Only the lines below from the one containing "Vortex สีน้ำเงินเผาไทเทเนียม valvetronic" to the one containing "진료실에 들어가자 의사" should be repeated, both included and unchanged.

BEGIN Source information

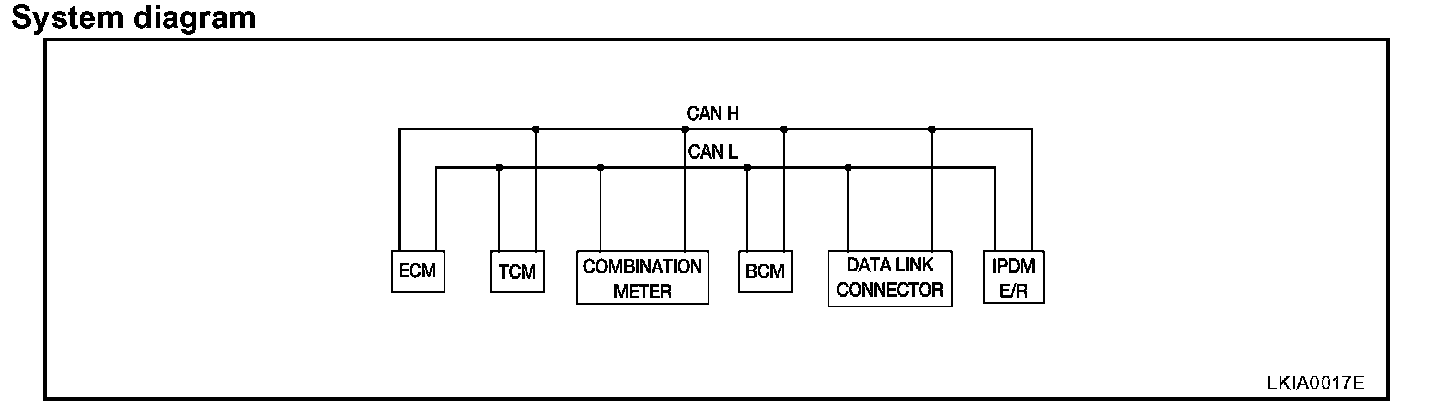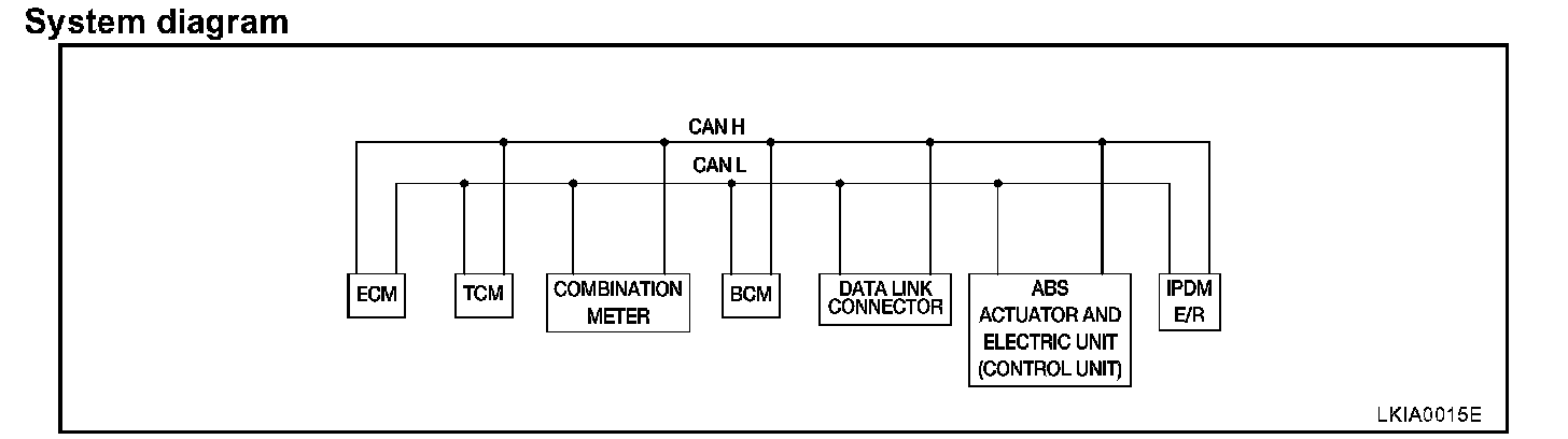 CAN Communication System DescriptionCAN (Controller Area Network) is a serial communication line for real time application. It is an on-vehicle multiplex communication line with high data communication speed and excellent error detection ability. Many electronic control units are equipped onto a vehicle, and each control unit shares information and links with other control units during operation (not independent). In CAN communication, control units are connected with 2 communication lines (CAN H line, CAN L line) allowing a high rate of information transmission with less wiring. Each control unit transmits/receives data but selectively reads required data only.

END Source information
BEGIN Source information

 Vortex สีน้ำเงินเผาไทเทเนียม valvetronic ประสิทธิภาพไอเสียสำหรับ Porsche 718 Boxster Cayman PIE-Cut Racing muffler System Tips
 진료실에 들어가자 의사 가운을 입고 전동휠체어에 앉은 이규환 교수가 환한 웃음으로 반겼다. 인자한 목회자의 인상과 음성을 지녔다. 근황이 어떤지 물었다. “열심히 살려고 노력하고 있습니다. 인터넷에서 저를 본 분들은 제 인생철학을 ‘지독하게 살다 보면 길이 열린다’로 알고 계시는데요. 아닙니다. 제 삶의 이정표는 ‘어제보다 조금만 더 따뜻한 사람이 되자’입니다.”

END Source information

• Response box:
 Vortex สีน้ำเงินเผาไทเทเนียม valvetronic ประสิทธิภาพไอเสียสำหรับ Porsche 718 Boxster Cayman PIE-Cut Racing muffler System Tips
 진료실에 들어가자 의사 가운을 입고 전동휠체어에 앉은 이규환 교수가 환한 웃음으로 반겼다. 인자한 목회자의 인상과 음성을 지녔다. 근황이 어떤지 물었다. “열심히 살려고 노력하고 있습니다. 인터넷에서 저를 본 분들은 제 인생철학을 ‘지독하게 살다 보면 길이 열린다’로 알고 계시는데요. 아닙니다. 제 삶의 이정표는 ‘어제보다 조금만 더 따뜻한 사람이 되자’입니다.”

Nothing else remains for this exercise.